Of course, you shouldn’t trust anything AI tells you. A poorly designed clinical trial or observational study can lead to misleading results, and a poorly designed AI approach can lead to misleading results. That’s why you’ve got to know what’s under the hood of AI approaches and understand their relative strengths and weaknesses. At the same time, no AI approach – just like any real-world study – will be perfect. Don’t let the perfect be the enemy of the good and let the imperfections of the AI approach prevent you from using it for risk aversion.
Integrating more AI and other computer-aided approaches to make more accurate recommendations is not entirely new and has been done in other fields. Fields such as meteorology, finance and aerospace engineering have long used computer-aided techniques to bring together and analyze complex data from various sources and generate more accurate insights and predictions.

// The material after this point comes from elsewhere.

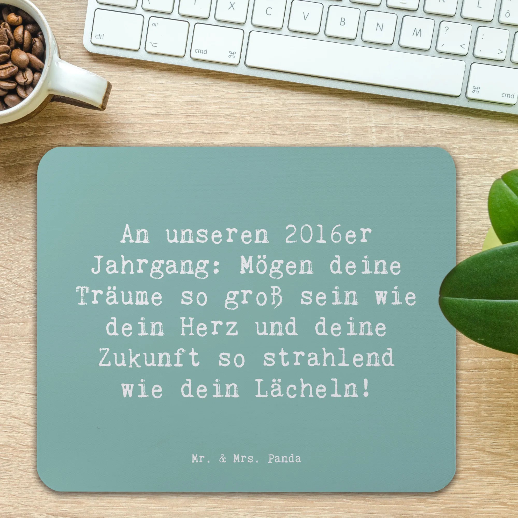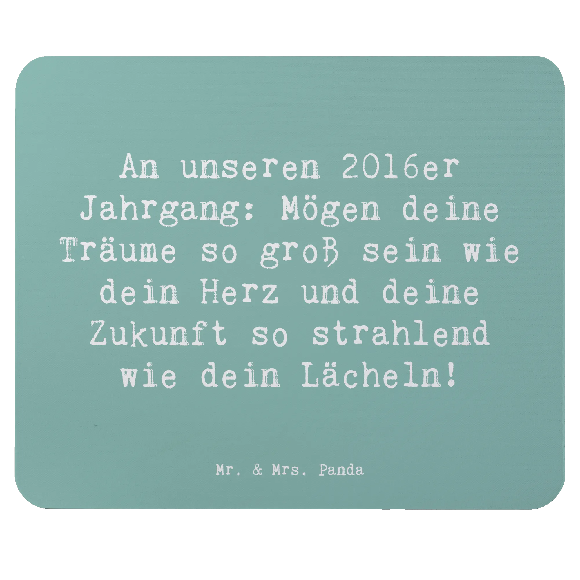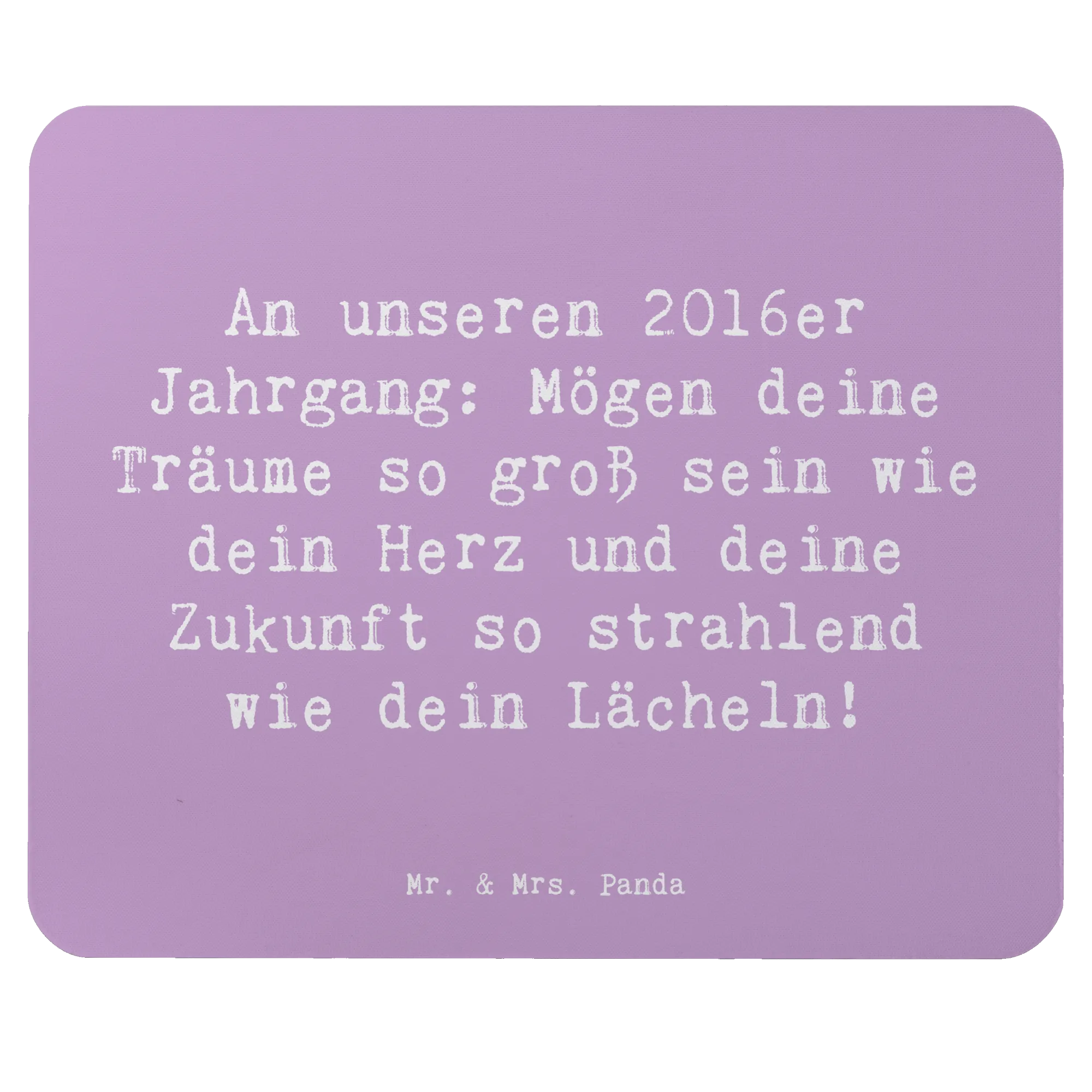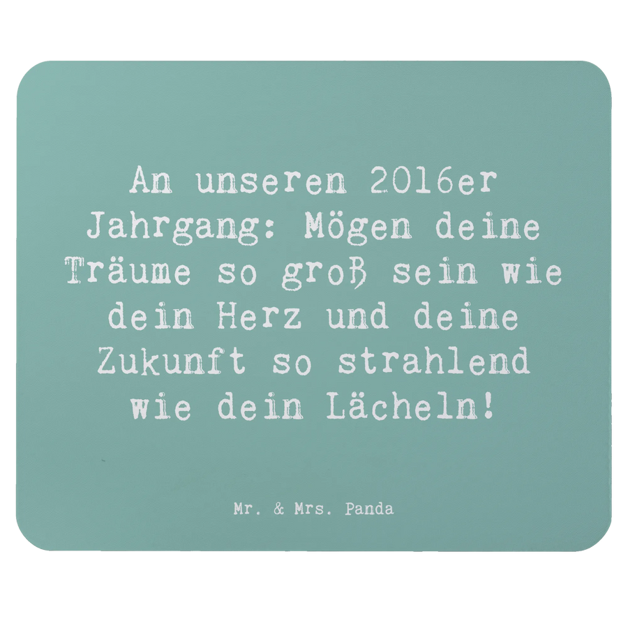 Suchst du nach dem perfekten Geschenk für einen 2016er Jahrgang? Dann ist unser wunderschönes Mauspad von Mr. & Mrs. Panda genau das Richtige! Mit dem Spruch "An unseren 2016er Jahrgang: Mögen deine Träume so groß sein wie dein Herz und deine Zukunft so strahlend wie dein Lächeln!" wird es zu einem einzigartigen Geburtstagsgeschenk, das nicht nur stylisch aussieht, sondern auch in jedem Arbeitszimmer oder Homeoffice zum Einsatz kommen kann.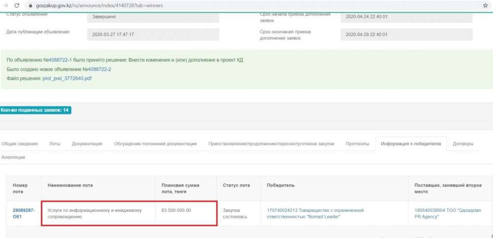 Во всей этой истории вишенкой на торте стали траты Фонда на PR своей деятельности. На сайте госзакупок мы обнаружили тендер на продвижение имиджа организации на таких площадках как Facebook, VK, Instagram и тому подобные. На все это руководство ФСМС в 2020 году не пожалело 63 500 000 тенге.

So while AI is unlikely to challenge some of the already established nutritional insights such as the value of eating fruit and vegetables, the field of nutrition is ripe for change. There are too many people out there claiming that this diet works for everyone. But not everyone is the same and they have the same circumstances, and that is exactly the problem. Achieving more balanced nutrition is not easy. but you have a potential friend in AI. But like any potential mate, you have the right treatment and know what he can and cannot do.